Bioinformatics Asked on July 30, 2020
I have multiple files (n=86000) with one column each and I want to combine them all into one file with 86000 columns.
I tried the following command
Paste *.txt > mean.txt
And as a for loop
for i in *.txt, do paste $i > mean.txt; done
This did not appear to work because there are 86000 to combine, I then divided my files into multiple folders with each folder not containing more than 15000 files but this did not working
Format of my single file is as follows (It has 16000 lines)
0.047202943506056
0.0383549703366668
0.0159162908608477
0.0238048058550539
0.0694728928685859
0.0389052658410832
What is the bug in the code?
The bug in your loop appears be "> filename
" per column, this over-rides the last iteration resulting in a file with a single column, which has been over-written 85999 times. Thus the file output you observe should be the single column present in the last file of your array. If you replaced "> filename
" with ">> filename
" within the loop you would then append to the file a new column with each iteration.
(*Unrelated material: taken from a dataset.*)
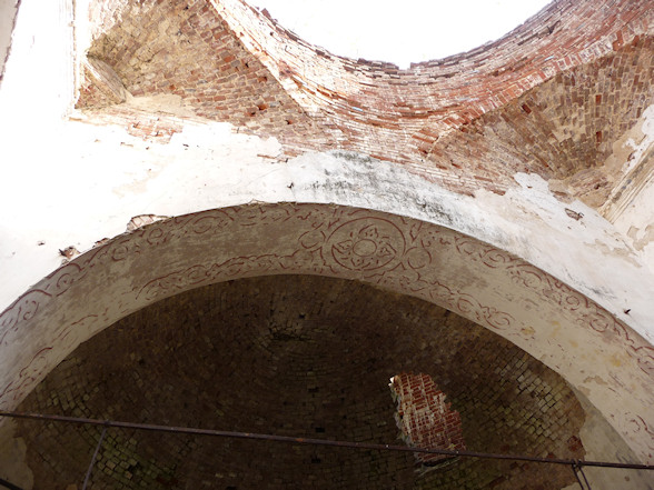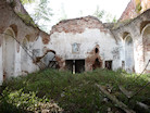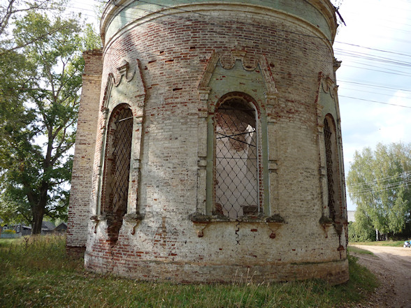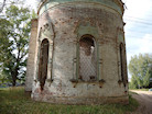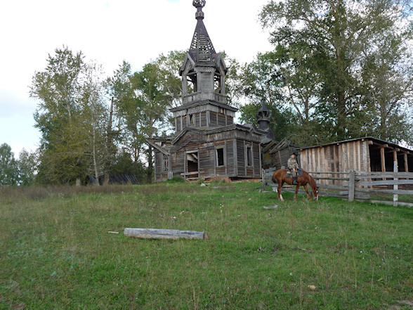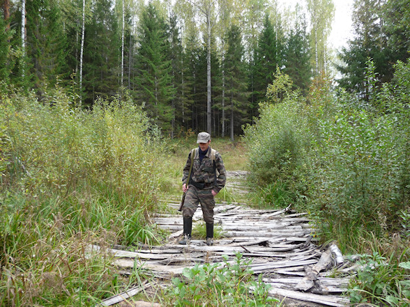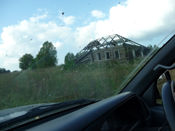 Er ist ein russischer Berufsjäger, durchtrainiert und wiegt vielleicht 60 Kilogramm. Er gibt mir eine Waffe, auf den ersten Blick ein Büchsenrepetierer. Mehr kann ich ohne Brille sowieso nicht erkennen. Wir steigen ein in die russische Kiste. Es ist etwa 16.00 Uhr, los geht’s. Wir fahren raus auf die Landstraße, hinein in ein Dorf mit dem Namen Kopki und verlassen dieses wieder hinter einer auffällig zusammengefallenen Kirche, die eine wunderschöne Baukonstruktion aufweist, aber leider seit Jahrzehnten dem Verfall preisgegeben ist. |

If the loop fell over at some point you could then simply use one of the outputs of wc filename
to assess how many columns you had (you might have to transponse the data for wc to work (lots of scripts for this in Perl), although there will almost certainly be an easy solution for counting columns in awk.
Personally, I would use a dataframe for this operation (possibly R, definately Python pandas), because 86000 columns is a lot of columns in any other walk of life, even if it is just post-processing. Generally, if you just want bash, awk is a better solution in this case (I don't code with it, but some here certainly do). However, I do get the idea that paste
will work if each column is an identical length.
BTW paste
must be lower case, you've got Paste
in the first line of your code, but its okay in the second bit of code.
BTW BTW, I did not know shell would take *.txt directly as an array, with Perl/Python you need to "glob" it and assign it as an array/list.